Subject 2. One bovine, female, with brain the size of a lemon.

Mission: Move Subject 2 about 30 feet to the west, with the encouragement of Subject(s) 1.

Long story short: We’ve been at it for three weeks now, but the aforementioned cow is in the same place she’s always been, with little sign that we will ever get her to the desired location.

What is so hard about moving a cow from one 10-acre pasture across a farm lane to a second 10-acre pasture, and why would you want to do this in the first place?

Funny you should ask.

This all began (wavy dream sequence) back in the summer when we began looking for a boyfriend for three members of our herd, including our legacy cows, Cleopatra and Heifertiti.

By September, we had settled on a wonderful Belted Galloway bull named Cliff, who resides in the Richmond area, and contracted for two months worth of his services.

Ideally, we would have thrown the C-dog in with the balance of the herd and allowed him to filet the beef, so to speak, to his heart’s content. Unfortunately, this was a nonstarter, because among the herd are youngsters with whom a randy bull can absolutely not be trusted.

This explains the logistical situation referenced above.

If I were a real rancher, I would have adequate cattle-management infrastructure in place, which basically means something on the order of the Bastille, but stronger.

My vet, starting with the words “it’s real simple,” sketched out a construction plan for me once on the back of a feed bag, and 20 minutes into it there were so many gates and alleys and corridors and chutes and headcatches and ramps going to the moon and back that my eyes totally glazed over and the project was dead before it began.

Not to mention that it would have cost more than my entire small herd was worth.

So when we need to move an animal, we must fall back on finesse over strength, coaxing the subject-cow with feed tubs, while holding others back with electrified rope. Once in a while it works. It did with Cleopatra, who, for the past month, has had Cliff all to herself.

But more often, you will find that cows as a species will always do exactly what you want them to do, right up until the time you really, really need them to do it, at which point all tarnation breaks loose.
One heifer has been so totally uncooperative she has earned herself a one-way ticket to Four States Auction in the spring. Heifertiti has come oh-so-close to the temporary passageway that we erected between the pastures (walled in with a curious patchwork of pickups, gates and rope), that we still hold out hope.

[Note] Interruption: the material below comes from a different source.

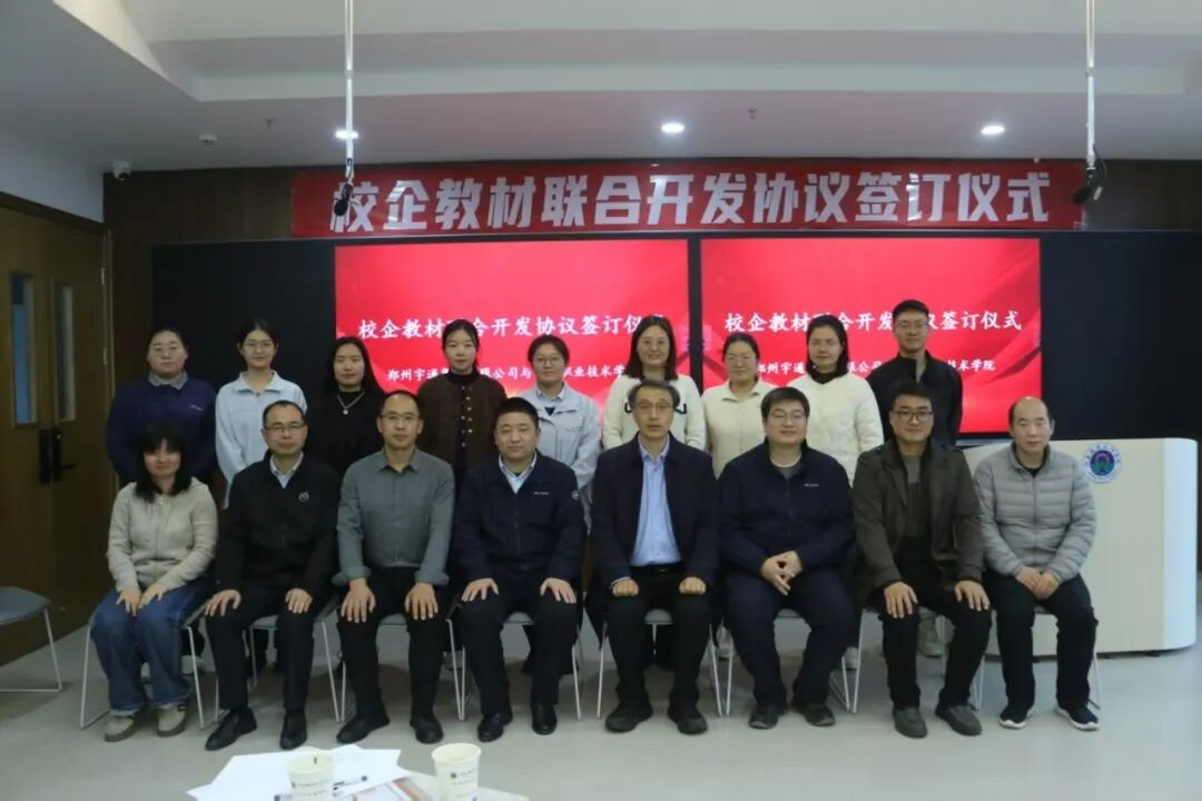 为深入贯彻落实国家关于产教融合、校企合作的战略部署,推动公司产品改革与汽车产业高质量发展同频共振,全面提升高素质技术技能人才培养质量,10月30日,必威BETWAY西汉姆联与郑州宇通集团有限公司在合鼎楼717会议室隆重举行校企教材联合开发签约仪式,学院经理吉武俊、副经理冯金广、宇通集团人力资源经理郭永利、校企合作培训经理余雷等领导出席签约仪式,参编教师和企业代表一同参加仪式。

Not that you would know it by watching us. Beth and I cajole and drive the cattle while frantically arranging and rearranging a whirlwind of electrified corral wire and affiliated hardware. One problem is that, because of its jury-rigged nature, none of this various and sundry hardware has a name. So we’ll shout stuff like, “Quick, wrap that gizmo with the fratzis on the tip around that goober with red thingie! NO, not that thingie, the RED thingie with the round hoozits on its whatchamajigger!”

Cliff the Bull, meanwhile, gazes at this circus from the adjoining pasture with a passive but amused element of self-interest, much like you would watch the hibachi chef an a Japanese steakhouse.

Which is exactly where everyone is headed if I don’t soon get some cooperation.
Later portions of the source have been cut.